**Data items**
■ ■ ■

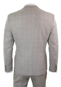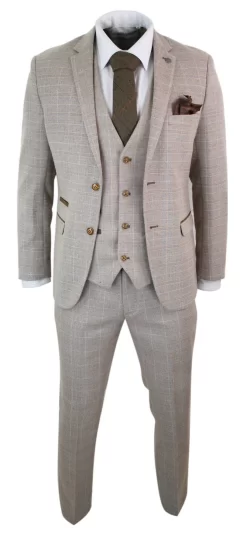 Menβs Check Tweed Beige Brown 3 Piece Suit Wedding Prom Vintage Retro Classic
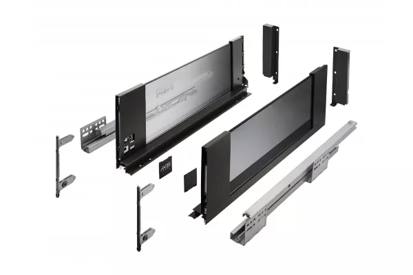 SYSTEME DE TIROIRS AMORTIE A PAROIS FINE GLASS NOIR
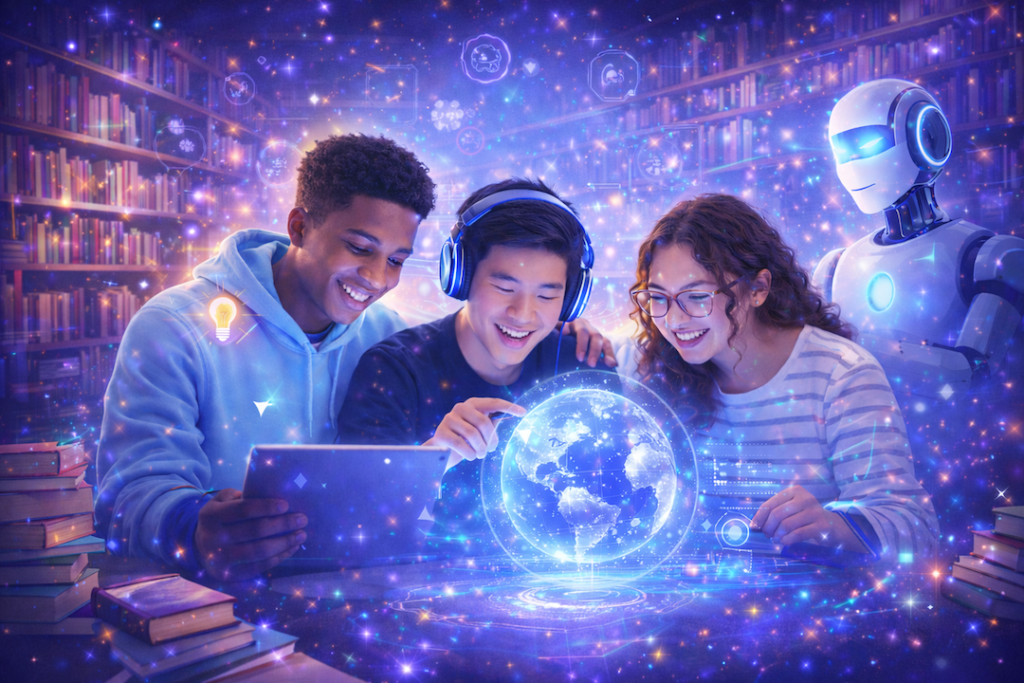 A blog article, Instagram posts, and a newsletter engage Gen Alpha and young Gen Z audiences, encouraging curiosity about AI and inviting communities to explore free Gemini AI Labs at the Los Angeles Public Library.
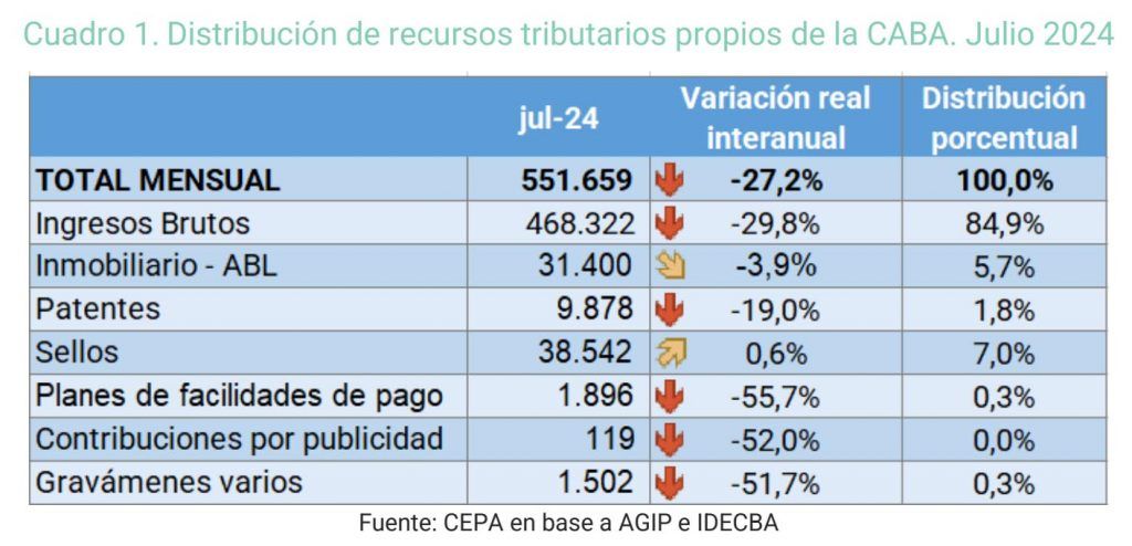Como destaca el informe del CEPA, Ingresos Brutos es por lejos la principal fuente de recursos de la Ciudad.El relevamiento asegura que se percibe un incremento real sostenido desde marzo 2023 hasta octubre de ese mismo año. Pero a partir de octubre de 2023, “Ingresos Brutos entra en un notable sendero de caída real de la recaudación. Entre octubre de 2023 y julio 2023 dicha caída es del 34% en términos reales”.
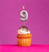 Birthday card on violet background - Candle number 9
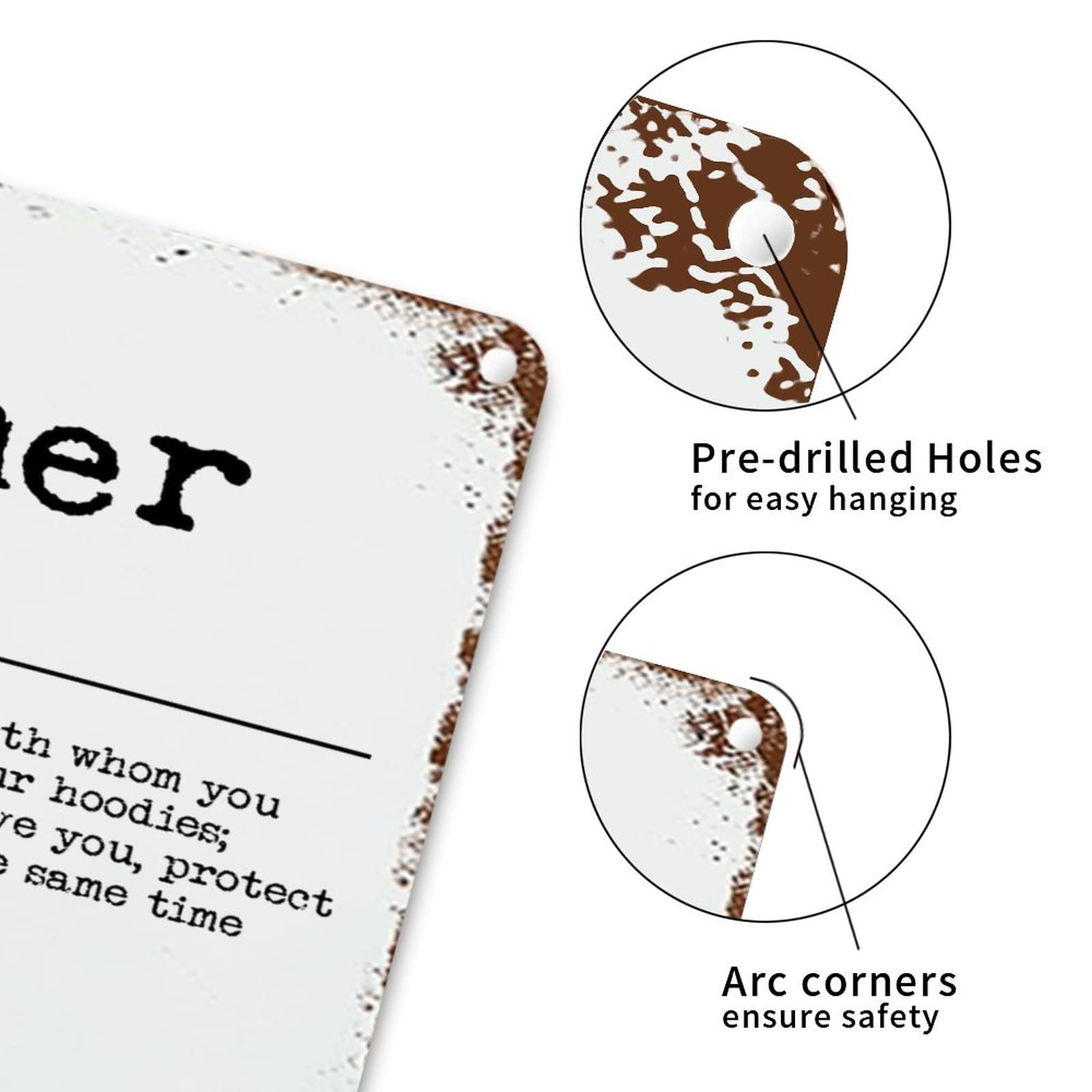 Suchst du ein cooles Geschenk für deinen Bruder oder Kumpel? Dieses Vintage-Metallschild hat den perfekten Humor! Im Wörterbuch-Stil erklärt es, was einen echten Bruder ausmacht - mit einem Augenzwinkern natürlich. Aus stabilem Aluminiumblech mit mattem Finish - sieht aus wie antik, hält aber ewig. Wasserdicht und leicht zu reinigen. Perfekt für Jugendzimmer, Werkstatt, Wohnzimmer oder die Gaming-Ecke. Einfach aufhängen - sofortiger Deko-Effekt! Die witzige Botschaft bringt jeden zum Schmunzeln. Ideal für Geburtstage, Weihnachten oder einfach als Überraschung für den besten Bruder der Welt. Mach deine Wände persönlicher und humorvoller - dieses Schild ist garantiert ein Eyecatcher!

■ ■ ■

**What is expected**
Output each entry verbatim; none of the pictures should be included.

**Exercise answer**
 Menβs Check Tweed Beige Brown 3 Piece Suit Wedding Prom Vintage Retro Classic
 SYSTEME DE TIROIRS AMORTIE A PAROIS FINE GLASS NOIR
 A blog article, Instagram posts, and a newsletter engage Gen Alpha and young Gen Z audiences, encouraging curiosity about AI and inviting communities to explore free Gemini AI Labs at the Los Angeles Public Library.
Como destaca el informe del CEPA, Ingresos Brutos es por lejos la principal fuente de recursos de la Ciudad.El relevamiento asegura que se percibe un incremento real sostenido desde marzo 2023 hasta octubre de ese mismo año. Pero a partir de octubre de 2023, “Ingresos Brutos entra en un notable sendero de caída real de la recaudación. Entre octubre de 2023 y julio 2023 dicha caída es del 34% en términos reales”.
 Birthday card on violet background - Candle number 9
 Suchst du ein cooles Geschenk für deinen Bruder oder Kumpel? Dieses Vintage-Metallschild hat den perfekten Humor! Im Wörterbuch-Stil erklärt es, was einen echten Bruder ausmacht - mit einem Augenzwinkern natürlich. Aus stabilem Aluminiumblech mit mattem Finish - sieht aus wie antik, hält aber ewig. Wasserdicht und leicht zu reinigen. Perfekt für Jugendzimmer, Werkstatt, Wohnzimmer oder die Gaming-Ecke. Einfach aufhängen - sofortiger Deko-Effekt! Die witzige Botschaft bringt jeden zum Schmunzeln. Ideal für Geburtstage, Weihnachten oder einfach als Überraschung für den besten Bruder der Welt. Mach deine Wände persönlicher und humorvoller - dieses Schild ist garantiert ein Eyecatcher!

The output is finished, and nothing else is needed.